Cybersecurity is a growing concern for health systems, regulators, researchers and medical device manufacturers as well as patients. As more devices become connected, cybersecurity risk increases – and security incidents can profoundly impact an organization’s productivity, finances, quality of care and reputation.
As a leading medtech and digital solutions provider, GE Healthcare plays a crucial role in providing health systems with the security and reliability they need today. We have a robust team of security experts in place and follow a comprehensive product security approach. Over the last two years in particular, GE Healthcare has made a concerted effort to drive greater transparency into how we assess and mitigate potential cyber risks throughout the lifecycle of our products. In vulnerability management, we are doing more to identify and communicate potential threats earlier – while also being more proactive with customers in how we respond to those threats. For example, we launched a novel security portal to notify customers of potential critical vulnerabilities impacting our products promptly after discovery, and to share proposed remediation plans when needed (e.g. patching, mitigating controls etc.) We still have more to do, but customers tell us they are noticing the difference.

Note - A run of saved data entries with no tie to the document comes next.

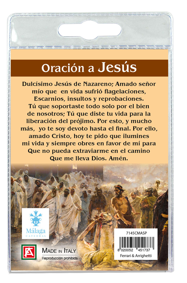 Calamita in metallo nichelato raffigurante la Catedral de Malaga con una preghiera in spagnolo.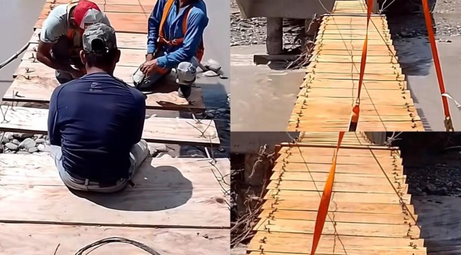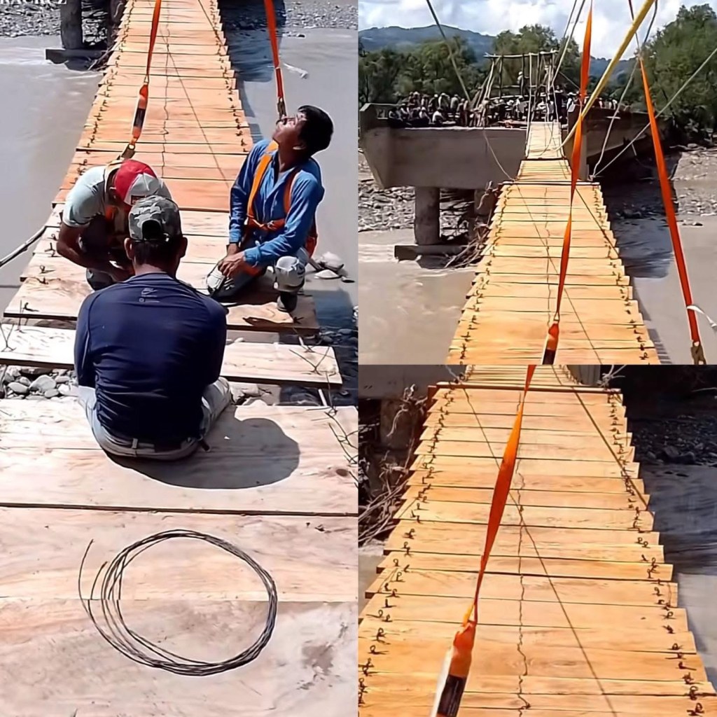Hoy ese puente colgante es más que un paso por encima del agua: es símbolo de la fuerza de una comunidad que no espera, que no cesa. Que, con lo que tiene — manos, madera, cuerdas — levanta lo que la naturaleza y las carencias derribaron.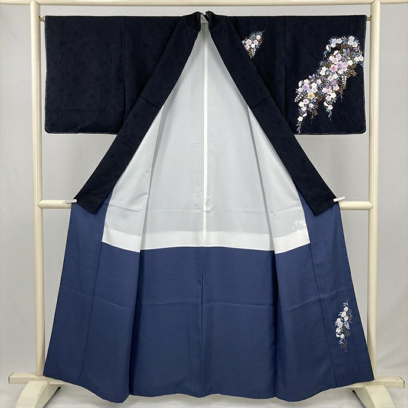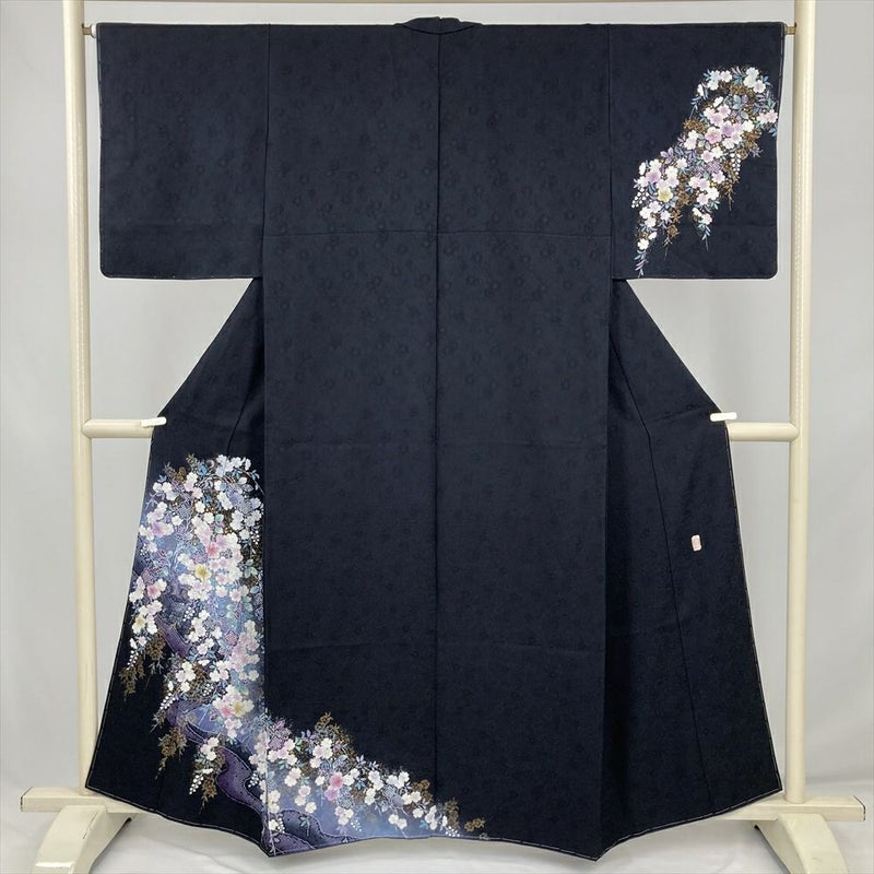 (中古) 訪問着 濃紺 セミフォーマル 絞り 辻が花 袷 絹【身丈】152.5cm【裄丈】66cm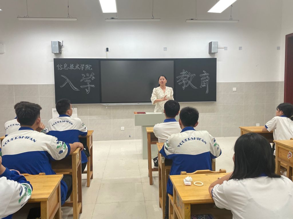 2022年9月26日晚上7👨‍👩‍👦‍👦🔺:00🪶,信息技术学院在技馨楼502召开新学期入学教育大会🍷,本次会议由信息技术学院副院长王潇翔主持,信息技术学院院长吴佳蒂、党总支书记李科💁‍♀️、院部陈雯婧和张德健老师、黄丽芬和陈思佳两位班主任老师以及全体中专部的学生参加本次会议🤹🏿‍♀️,同时大专班方祥老师组织学生在班级召开班级会议。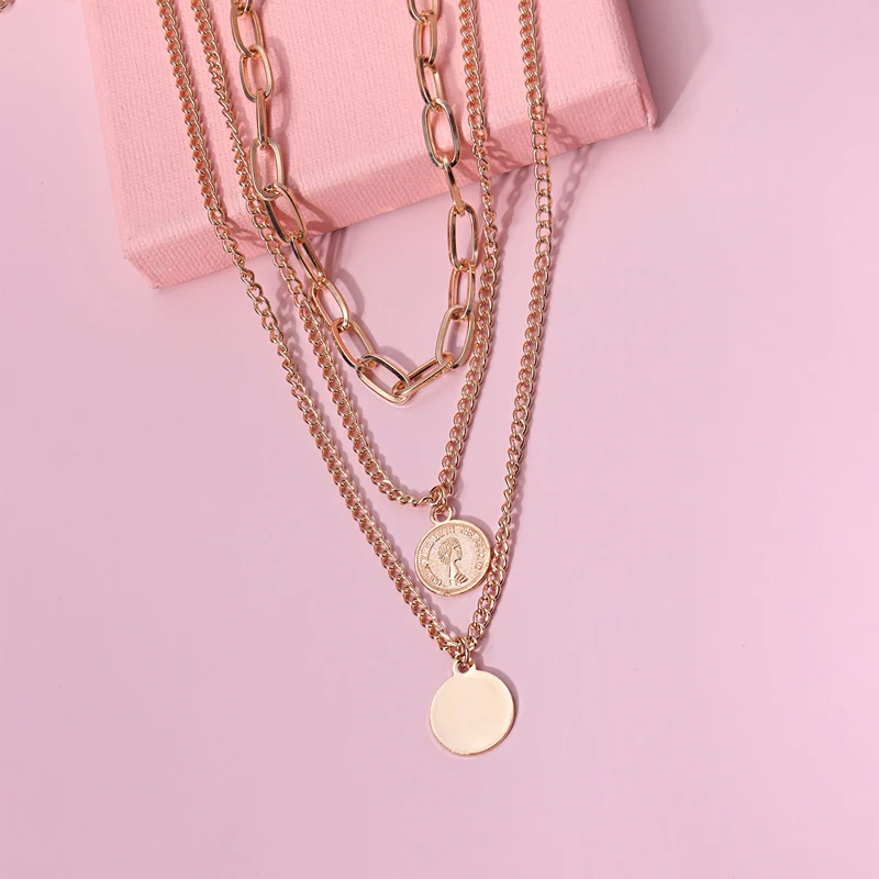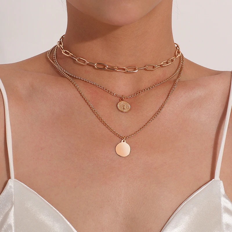 3 Pcs/set Gold Color Layered Choker Necklace Women Boho Chain Coin Necklace Female Pendant Jewelry Gift

We are also designing and developing products to make them inherently more secure. We’ve held workshops with customers to get feedback and better understand the problems they face. At DEF CON 2019, we made pre-release products available to the research community to help us identify potential vulnerabilities and have worked to remedy those findings. But cybersecurity resilience cannot be solved by device manufacturers alone. The entire ecosystem – equipment providers, health systems, security researchers and government agencies – shares responsibility in improving cybersecurity outcomes.

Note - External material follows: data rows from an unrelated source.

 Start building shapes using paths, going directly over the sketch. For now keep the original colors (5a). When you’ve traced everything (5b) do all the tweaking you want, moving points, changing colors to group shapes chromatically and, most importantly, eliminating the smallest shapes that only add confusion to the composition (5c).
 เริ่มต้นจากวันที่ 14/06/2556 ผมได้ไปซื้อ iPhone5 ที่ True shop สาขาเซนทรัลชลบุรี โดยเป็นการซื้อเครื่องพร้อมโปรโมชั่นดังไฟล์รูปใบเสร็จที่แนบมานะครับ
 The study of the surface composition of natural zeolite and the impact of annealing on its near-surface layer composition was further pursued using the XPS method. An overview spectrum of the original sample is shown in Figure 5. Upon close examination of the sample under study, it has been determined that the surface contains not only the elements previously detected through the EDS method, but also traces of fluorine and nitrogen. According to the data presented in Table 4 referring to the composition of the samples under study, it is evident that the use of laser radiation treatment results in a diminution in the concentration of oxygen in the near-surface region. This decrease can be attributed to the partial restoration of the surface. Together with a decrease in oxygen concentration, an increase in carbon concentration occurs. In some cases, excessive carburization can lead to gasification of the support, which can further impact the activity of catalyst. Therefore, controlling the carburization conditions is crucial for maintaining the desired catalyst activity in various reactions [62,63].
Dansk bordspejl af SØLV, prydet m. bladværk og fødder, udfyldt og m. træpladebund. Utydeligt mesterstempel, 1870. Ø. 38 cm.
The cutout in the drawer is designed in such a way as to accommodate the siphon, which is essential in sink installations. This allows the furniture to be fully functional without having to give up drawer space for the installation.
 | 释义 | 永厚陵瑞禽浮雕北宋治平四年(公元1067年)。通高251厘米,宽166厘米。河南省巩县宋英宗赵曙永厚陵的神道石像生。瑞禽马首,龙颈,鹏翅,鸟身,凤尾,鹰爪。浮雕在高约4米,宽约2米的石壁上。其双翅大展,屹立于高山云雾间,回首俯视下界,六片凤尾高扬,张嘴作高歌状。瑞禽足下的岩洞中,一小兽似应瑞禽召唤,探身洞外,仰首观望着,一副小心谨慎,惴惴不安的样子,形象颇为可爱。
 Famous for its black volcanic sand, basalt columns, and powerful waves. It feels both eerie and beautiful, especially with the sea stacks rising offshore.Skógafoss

Health systems too are grappling with how to better manage the rapidly evolving threat environment and the associated risk for their clinical networks – and they have asked for our help. To address these needs, we created and recently launched Skeye, a vendor-agnostic cybersecurity service that helps hospitals proactively monitor and mitigate threats using GE Healthcare’s dedicated network of IT and operational technology (OT) security professionals.

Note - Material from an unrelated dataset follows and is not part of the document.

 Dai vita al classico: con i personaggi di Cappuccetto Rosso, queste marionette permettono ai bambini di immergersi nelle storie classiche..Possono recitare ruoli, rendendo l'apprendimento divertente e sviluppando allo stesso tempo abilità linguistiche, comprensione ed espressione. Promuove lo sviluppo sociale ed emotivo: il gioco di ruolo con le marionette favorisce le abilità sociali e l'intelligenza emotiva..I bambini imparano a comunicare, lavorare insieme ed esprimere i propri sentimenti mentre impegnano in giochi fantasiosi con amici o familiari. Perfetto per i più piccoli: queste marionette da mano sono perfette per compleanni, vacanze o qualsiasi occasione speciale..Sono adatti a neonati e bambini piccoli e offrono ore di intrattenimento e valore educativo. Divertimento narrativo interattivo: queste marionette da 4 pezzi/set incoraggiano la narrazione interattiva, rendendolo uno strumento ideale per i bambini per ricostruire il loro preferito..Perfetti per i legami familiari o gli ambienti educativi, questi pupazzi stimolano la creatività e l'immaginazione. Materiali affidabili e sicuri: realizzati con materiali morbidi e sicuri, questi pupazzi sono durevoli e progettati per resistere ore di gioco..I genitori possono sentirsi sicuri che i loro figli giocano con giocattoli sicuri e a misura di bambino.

We will continue to engage across the ecosystem and work with government organizations, healthcare providers and security industry leaders on cyber readiness initiatives that support the safe and effective use of our medical devices and software solutions. We also encourage security researchers to proactively engage with us on any potential vulnerabilities and related disclosures in a coordinated and responsible manner. Ultimately, we are all working toward the same goal – helping enable providers to treat patients effectively.